7 inspirational books to gift to loved ones this Christmas

Category: News

If you are looking for last-minute Christmas gift ideas, why not check out our list of seven books sure to inspire.

From true stories of bravery and heroism to fictional memoirs and parables, you’re sure to find something for the loved ones in your life.

1. Dreams from My Father: A Story of Race and Inheritance by Barack Obama

Dreams from My Father was originally released in 1995, nearly 15 years before its author became US president.

The book has since been followed by The Audacity of Hope: Thoughts on Reclaiming the American Dream (2006) and more recently, in 2020, by A Promised Land. The latter is the first of two volumes of post-presidential memoirs Obama has planned.

Dreams from My Father begins in New York, as Obama learns of his father’s death. What follows is a journey into the author’s past, from Kansas to Hawaii and finally to Kenya.

Honest, captivating, and illuminating, the story is one of identity and belonging, told by a young man asking big questions about what makes us who we are.

2. The Girl with the Louding Voice by Abi Daré

Daré’s debut novel, The Girl with the Louding Voice is told from the perspective of fourteen-year-old, Adunni.

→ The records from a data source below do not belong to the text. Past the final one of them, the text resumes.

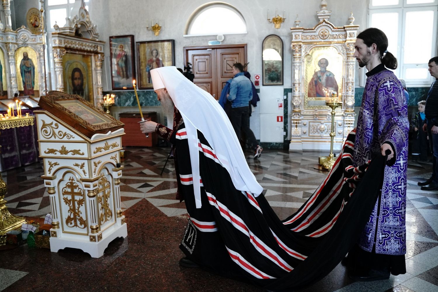 20 апреля, накануне дня воспоминания Тайной Вечери (установления таинства Евхаристии – Литургии), митрополит Иоанн возглавил малое повечерие и утреню в Воскресенском соборе г. Йошкар-Олы.
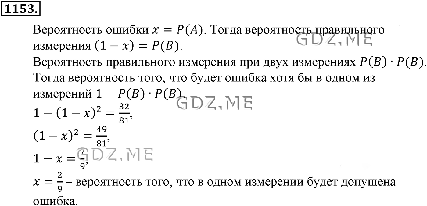 Подробный вариант решения из решебника (ГДЗ): Задание номер 1153 (Глава 12 Элементы теории вероятностей) по предмету Алгебра, за 10 класс, авторы учебника Алимов, Колягин.
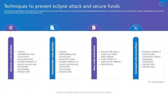 The following slide illustrates some methods to minimize the adverse impact of eclipse attack on blockchain network and facilitate security features. It includes elements such as random node selection, deterministic node selection, increased node connections, new node restrictions, etc. Create an editable Techniques To Prevent Eclipse Comprehensive Guide To Blockchain Digital Security Formats Pdf that communicates your idea and engages your audience. Whether you are presenting a business or an educational presentation, pre designed presentation templates help save time. Techniques To Prevent Eclipse Comprehensive Guide To Blockchain Digital Security Formats Pdf is highly customizable and very easy to edit, covering many different styles from creative to business presentations. Slidegeeks has creative team members who have crafted amazing templates. So, go and get them without any delay. The following slide illustrates some methods to minimize the adverse impact of eclipse attack on blockchain network and facilitate security features. It includes elements such as random node selection, deterministic node selection, increased node connections, new node restrictions, etc.
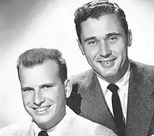 Aylesworth and Peppiatt relocated to the United States in 1958 and got work writing for 'The Andy Williams Show.[1] They had worked together on The Jimmy Dean Show and wondered why a show hosted by a country music star didn't feature the country music more prominently.[2] Aylesworth's 2010 book The Corn Was Green: The Inside Story of Hee Haw published by McFarland & Company told how he and Peppiatt came up with the idea for Hee Haw after seeing "country banter" between Charley Weaver and Jonathan Winters on The Jonathan Winters Show, and seeing that the shows atop the Nielsen ratings included The Andy Griffith Show, The Beverly Hillbillies, Gomer Pyle, U.S.M.C., Green Acres and Petticoat Junction, along with Rowan & Martin's Laugh-In and the duo conceived immediately of the format of country variety resulting in one of the longest-running series in television history, Hee Haw.[1][3] Originally a summer replacement for The Smothers Brothers Comedy Hour, Hee Haw was an immediate ratings winner throughout that first summer and was permanently added to the CBS schedule in December 1969.[2] Co-hosted by Roy Clark and Buck Owens, the hour-long program featured regulars Archie Campbell, Grandpa Jones, Minnie Pearl, Junior Samples, Lulu Roman and Gordie Tapp.[2][3] Comedian and frequent Peppiatt & Aylesworth collaborator Jack Burns was also a writer and major contributor in the early years of the show. There was also a spinoff sitcom "Hee Haw Honeys". One of the stars of the series was a young Christian music singer, Kathie Lee Johnson (Gifford) before she married Frank Gifford.
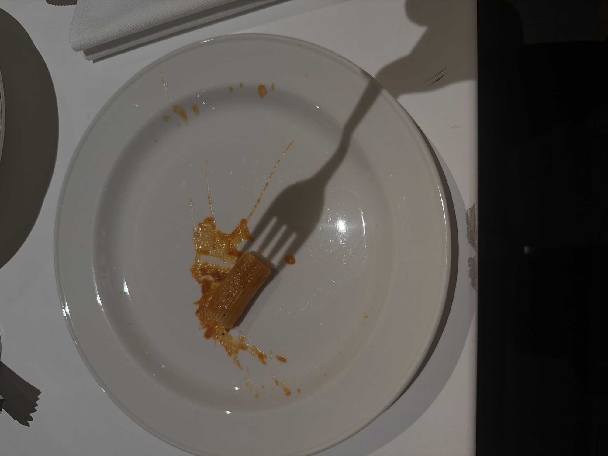 The image presents a high-angle, close-up view of a white, round ceramic dinner plate situated on a light-colored table surface, indicative of an indoor dining environment. The plate is largely cleared of food, showing only scattered streaks and splatters of an orange-red sauce, consistent with a tomato-based pasta sauce. A single, tubular pasta noodle, appearing to be rigatoni, partially coated in the same sauce, rests slightly off-center on the plate. The distinct shadow of a four-tined fork is cast diagonally across the plate, originating from the lower right quadrant. To the upper right of the plate, a folded white cloth napkin is visible on the table. The lower portion of the frame shows a dark, undifferentiated area beneath the table. No people are present. The image contains no visual identifiers to confirm its specific geographic location as Yerevan, Armenia.

Growing up in Nigeria, Adunni’s mother informs her that a solid education is the only way for Adunni to find her “louding voice”. Adunni’s father has other plans. Sold to a local taxi driver to help her parents pay the rent, Adunni becomes the man’s third wife until she promptly runs away.

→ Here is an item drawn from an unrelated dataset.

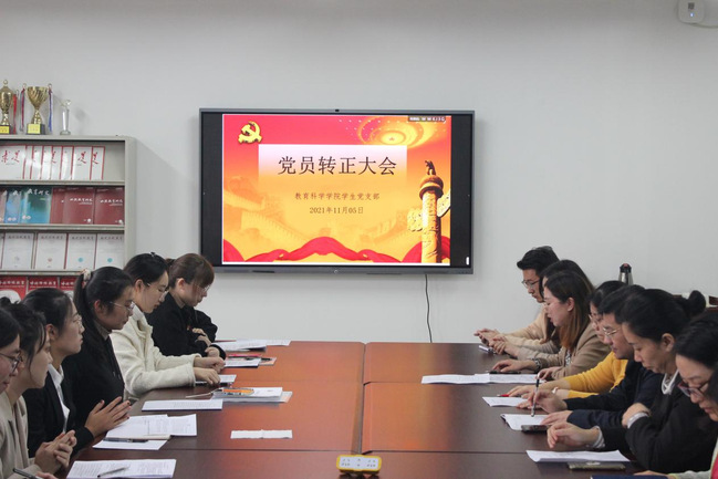 谈球吧员工党支部于2021年11月5日在博雅楼3401会议室召开预备党员转正大会,讨论关于马智超等14名同志申请转为正式党员的申请。本次会议由公司员工党支部书记汪亮巧老师主持,出席本次大会的有公司党总支书记吴月华、党总支副书记吴兴等9名正式党员以及18级14名预备党员。
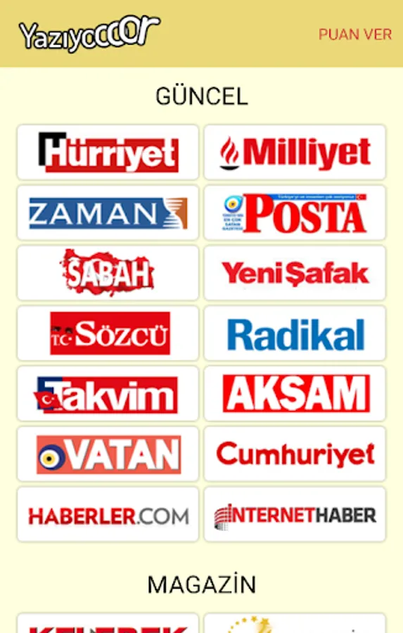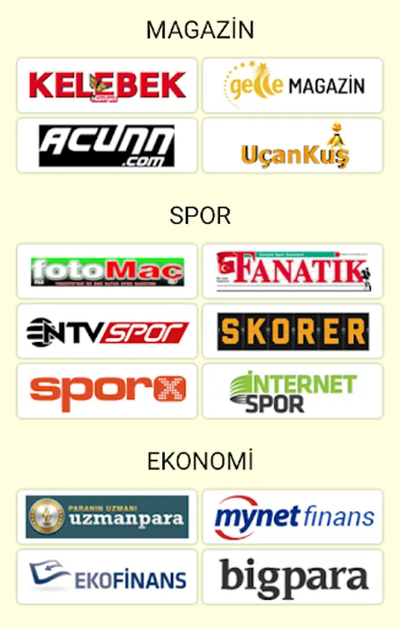 Milliyet, Hurriyet, Mail, Sabah, Zaman, Yeni Safak, spokesman radical, Calendar, evening, Vatan, Cumhuriyet, Haberler.co and I internethaber.co

Discovering her “louding voice” will become not only a means of being heard, but also a way to speak on behalf of those girls who came before, and the ones that will follow.

3. The Worst Journey in the World by Apsley Cherry-Garrard

Cherry-Garrard was close to being selected as part of Captain Scott’s ill-fated team that made its famous push to the South Pole. Instead, he would be among the would-be rescuers who later retrieved the bodies of their fallen companions.

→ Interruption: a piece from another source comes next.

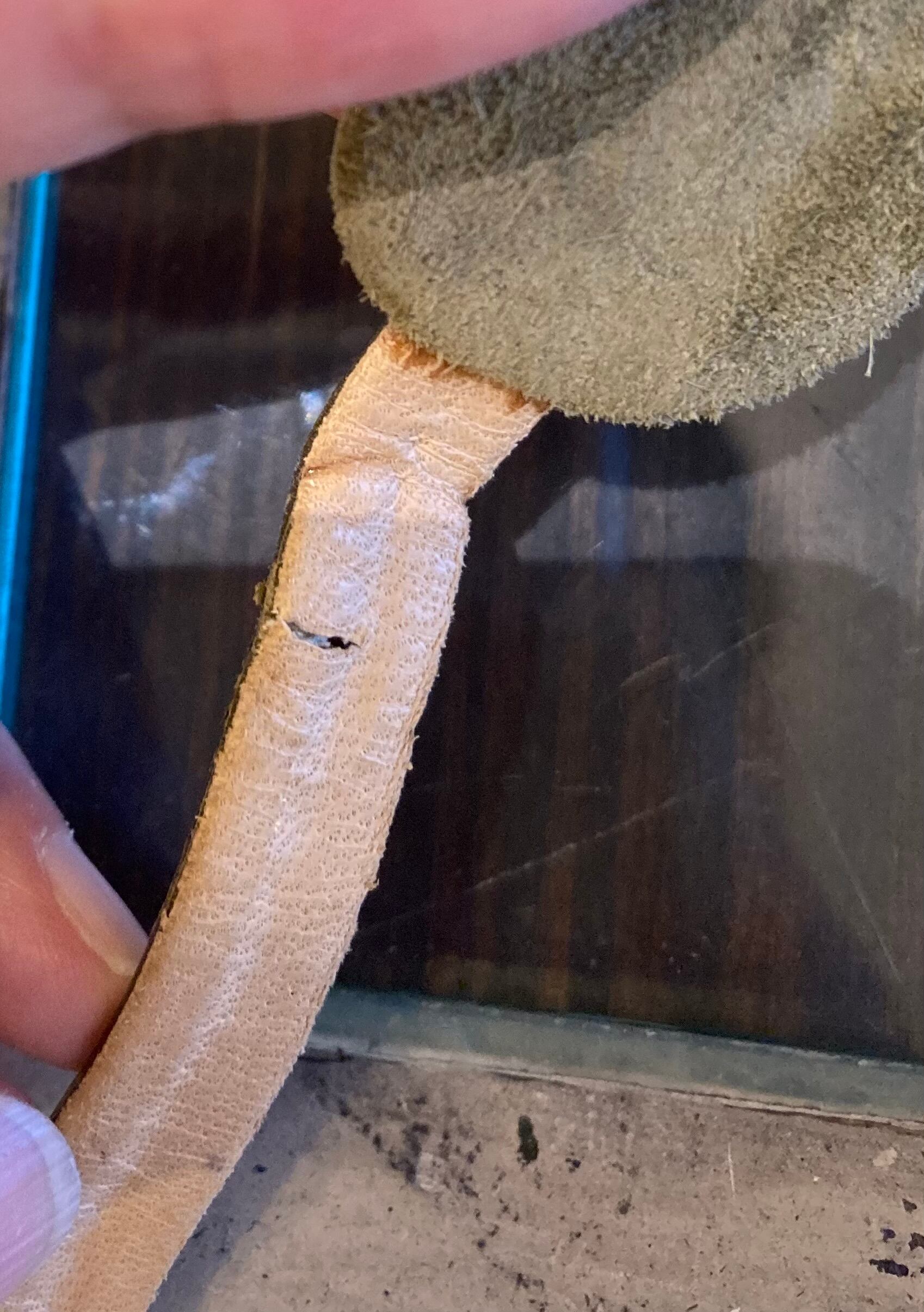 内側のレザーに1部ヒビがありますが(写真参照)、使用には問題ございません。

This meticulous memoir details the everyday dramas of exploration; an inspirational tale of friendship and bravery in the face of extreme hardship.

The “Worst Journey in the World” for Cherry-Gerrard occurred just a year after the Terra Nova arrived in the Antarctic and a year before the death of the expedition’s leader. The author set off with Henry Bowers and Bill Wilson – the two men that would later perish with Scott – to collect the eggs of emperor penguins in the name of scientific research.

Documenting the whole of the expedition from Cardiff to New Zealand and eventually to the South Pole and back again, this incredible story of endurance is an epic, unputdownable eye-witness account of a fascinating piece of British history.

4. The Long Walk by Slavomir Rawicz

The Long Walk is a harrowing true story of Slavomir Rawicz’s 4000-mile escape from a Siberian prison camp.

Arrested by the communist secret police in occupied Poland during the winter of 1939, Rawicz is sentenced to 25 years in a Russian gulag. Inhumane, often barbarous treatment at the hands of their captors meant certain death long before a sentence could be completed.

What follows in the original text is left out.